Handwriting appears to help you to more deeply encode (that is, convert into neural memory structures) what you are trying to learn. The more neural hooks you can build by evoking the senses, the easier it will be for you to recall the concept and what it means. Creating flashcards is a useful technique to help you remember. By increasing your spacing as you become more certain of mastery, you will lock the material more firmly into place Repetition is needed so your metabolic vampires—natural dissipating processes—don't suck the memories away. Your working memory is centered out of the prefrontal cortex, although there are also connections to other parts of your brain so you can access long-term memories. To help with moving something into long term memory, use a technique called "spaced repetition." This technique involves repeating what you are trying to retain, but what you want to do is to space this repetition out—repeating a new vocabulary word or problem-solving technique, for example, over a number of days.

Memory palace technique

Imagine a place you are very familiar with (your "palace") and then deposit memorable versions of the item on your list in various locations in your palace. Useful for memorizing lists Using these memory techniques allows you to more deeply internalize the information you are using, allowing you to use it much more effectively than if you were to simply try to memorize it by repeating it many times.

Imposter syndrome

Imposter syndrome involves frequent feelings of inadequacy. Getting a good grade on a test but being convinced that it was luck and that you are sure to fail the next test and be exposed as a fraud, is a good example of the impostor syndrome.

Chunk truths

Improvising a new sentence in a new language you are learning involves the ability to creatively mix together various complex minichunks and chunks (sounds and words) that you have mastered in the new language. Chunks can help you understand new concepts. This is because when you grasp one chunk, you will find that that chunk can be related in surprising ways to similar chunks not only in that field, but also in very different fields. The best chunks are ones that are so well-ingrained that you don't have to consciously think about connecting the neural pattern together. That, actually, is the point of making complex ideas, movements or reactions into a single chunk.

Good study habits

Interleave your learning by alternating your practice with different types of problems--don't waste study time by simply repeating the same technique over and over again. Space out study sessions with smaller bits of information to be mastered in each session.

Short term memory

Is like an inefficient mental blackboard

Einstellung

Is when your initial thought, an idea you already have in mind, or a neural pattern you've already developed and strengthened, prevents a better idea or solution from being found, or keeps you from being flexible enough to accept new, better, or more appropriate solutions.

Context

Is where bottom up and top down learning meet.

Zombie mode

It refers to the relaxed state your mind enters when you are performing common and habitual tasks. Examples of zombie states and habitual behavior include riding a bike, getting dressed in the morning, and being able to back your car out of a driveway (if you are familiar and comfortable with driving).

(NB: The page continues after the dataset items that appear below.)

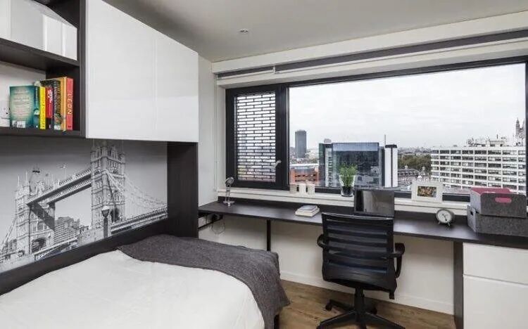 楼层最高36楼 高楼层的房间可以俯瞰整个伦敦。设施也非常齐全,公寓ground floor和9floor都有公共空间,提供健身房 学习室 影音室等基础设施,Reception的工作人员 周一到周五在线,负责处理事务和收发快递,刷卡门禁+24h安保/监控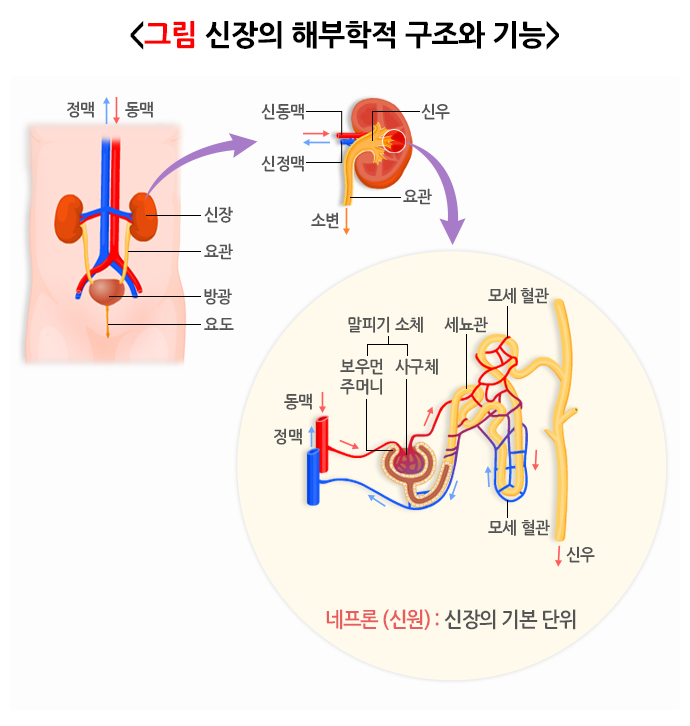 신장은 혈액에서 노폐물과 과도한 체액을 몸 밖으로 내보내 우리 몸을 일정한 상태로 유지합니다. 신장은 좌우에 한 개씩 모두 두 개가 있으며, 각 신장에는 네프론(nephron)이라는 필터 조직이 약 1백만 개씩 존재합니다. 네프론은 신장의 구조적•기능적 단위로 사구체와 보우만 주머니, 신세뇨관으로 이루어집니다. 사구체에서 혈액이 걸러지면 보우만 주머니를 통해 신세뇨관으로 들어가며, 긴 신세뇨관을 통과하면서 소변이 만들어집니다. 즉, 사구체는 미세한 혈관 구조로 혈액을 걸러내는 필터 역할을 합니다.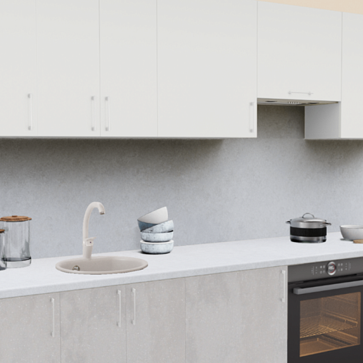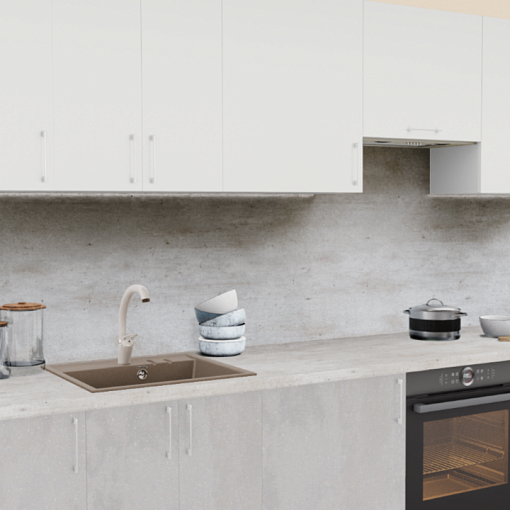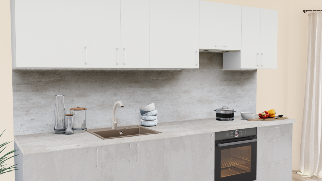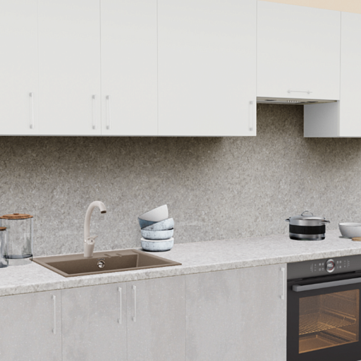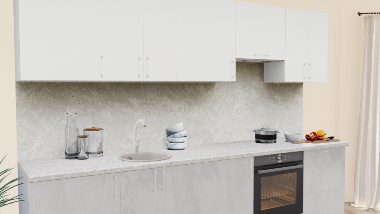 Кухонный гарнитур в стиле минимализм - современное решение, доступное для любого размера помещения. Приглушенные бело-серые оттенки на фасадах и столешнице в сочетании с эргономичными ручками создают единую композицию, принося в кухню ощущение воздушности и легкости.

4 cues for habitual reaction (zombie mode)

Location, time, how you feel, reaction (either to other people or to something that just happened)

Truths about learning

Mastering a new subject means learning not only the basic chunks, but also learning how to select and use different chunks. Interleaving your studies—making a point to review for a test, for example, by skipping around through problems in the different chapters and materials—can sometimes seem to make your learning more difficult. But in reality, it helps you learn more deeply. Although practice and repetition are important in helping build solid neural patterns to draw on, it's interleaving that starts building flexibility and creativity. It's where you leave the world of practice and repetition and begin thinking more independently. Our brain uses two very different processes for thinking—the focused and diffuse modes. You generally toggle back and forth between these modes, using one or the other. "Spaced repetition" is an effective learning technique.

Illusion of competence truths

Merely glancing at a solution and thinking you truly know it yourself is one of the most common illusions of competence in learning. Recall—simply looking away from the material and attempting to recall the main ideas—is a more effective study technique than rereading the material.

Metaphor and analogy

Metaphors and analogies, as well as stories, can sometimes be useful for getting people out of Einstellung—being blocked by thinking about a problem in the wrong way Metaphors and visualization—being able to see something in your mind's eye—have been especially helpful, not only in art and literature, but also in allowing the scientific and engineering world to make progress. A metaphor is just a way of realizing that one thing is somehow similar to another. Metaphors are never perfect, but they can be vitally important in giving a physical understanding of the central idea behind the process or concept that you are trying to understand.

Focused mode

Mode involves a direct approach to solving problems using rational, sequential, analytical approaches. It is associated with the concentrating abilities of the brain's prefrontal cortex, located right behind your forehead. A pinball machine that has bumpers which are very close together, so the pinball (the thought) cannot go a long ways before bumping into a bumper. Ideas, concepts, and problem-solving techniques that are at least somewhat familiar to you--your previous knowledge lays a sort of underlying neural pathway that you tend to follow.

Overlearning

Once you've got the basic idea down during a session, continuing to hammer away at it during the same session doesn't necessarily strengthen the kinds of long-term memory connections you want to have strengthened. Continuing to study or practice after you've mastered what you can in the session is called overlearning.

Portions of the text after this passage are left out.